Living - and already savoring - the Adventures across the backroads of western Idaho and eastern Oregon!

11 January 2011

Blog Wars

From: JOSER //D5/1962/12
To: JOE PUBLIC //11/AL//
Info: ARKANSAWYER //Y4/1970//11/

U N C O N F I D E N T I A L //NO239//

SUBJ OPCON (Operational Condition) Blog Escalation and Smack-down {U}

RMKS/1 {U} Arkansawyer has left blogosphere. Estimated disappearance 10SEP10, 1225Z, approx. 122 calendar days without a post. Suspect likely hiding under an unknown pseudonym in Armadillo Creek. Previous alias include Hunky, Super Stud, Romeo and Huggy Bear.

2. {U} The mission: Draw Arkansawyer back into the fray. Obtain new blog posts. Use of deadly force IS NOT, we say again, NOT, authorized. Public chastisement however IS both authorized AND encouraged. Use ‘Implant Blue J on the Chest’ operational procedure. THREATCON BEWARE SNOWJOB is in effect for creek crossing and reading his stories. Wear boots.

3. {U} The variables:
A. Johnny: lives in Armadillo Creek. Known to eavesdrop on telephonic party lines.
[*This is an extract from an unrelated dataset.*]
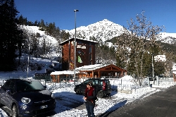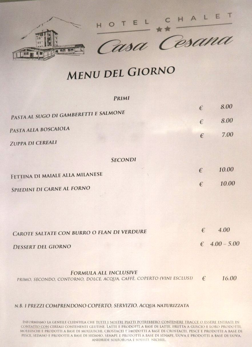 2月2日(金) 晴れ 滑走最終日!板や靴も乾かさなければならないし、お土産も買わなければいけない。この日は午前中だけの滑走の予定で、くまさんのリクエストでフランスのLes Anges 2455mに滑りに行きました。雪もいいしね。 ちょっとだけ早く出発して、いつものようにホテルから川沿いに200mほど歩いてゴンドラ&リフト乗り場に向かいます。この川沿いはオートキャンプ場になっていて、何台かキャンピングカーが停まっているのでキャンパーがいるんだね。 そしてClaviereに向かってリフトを乗り継ぎ、空いているコースを飛ばして行きます。 最後に国境を越え、フランス側の最初のリフト82に乗ろうとしたら...トラブル発生!! 何と三人とも乗り場でブザーが鳴ってゲートをくぐれない?! 係員が来てくれてチケットを確認、そしたら何とフランス側は1日しか滑れないんだと! 後でわかったことだけどフランス側は3日券で1日滑れるシステムで、3日ずつ分けて購入しないと二回フランスは滑れないということらしい\(_ _;) 結局Claviereエリアを滑って、今回のスキーは全部終わりました。 ホテルに戻ってお昼にします!狙いは街の「Pig」と言う( ̄(││) ̄)のステーキ屋さん。600gステーキを三人でシェアしようとしたのですが...何と臨時休業だった。。 |

Treat as hostile local inhabitant who will hide Arkansawyer identity.

B. Mrs. Arkansawyer: an imposing force of reason. Able to see through his designs and crush the revolt with a merely furled eyebrow.

C. Mrs. TMM: whirling dervish of insight and power. Able to stop all familial members in tracks with a simple clearing of throat.

D. Beanz: wild magic incarnate. AKA Carlos. With a wry comment, able to throw all reason out the window and cause wacky dreaming to commence.

E. Chris Elliott, the Cabin Boy: the muse, the inspiration. Develop attack strategy to lure Cabin Boy and you will snare Arkansawyer.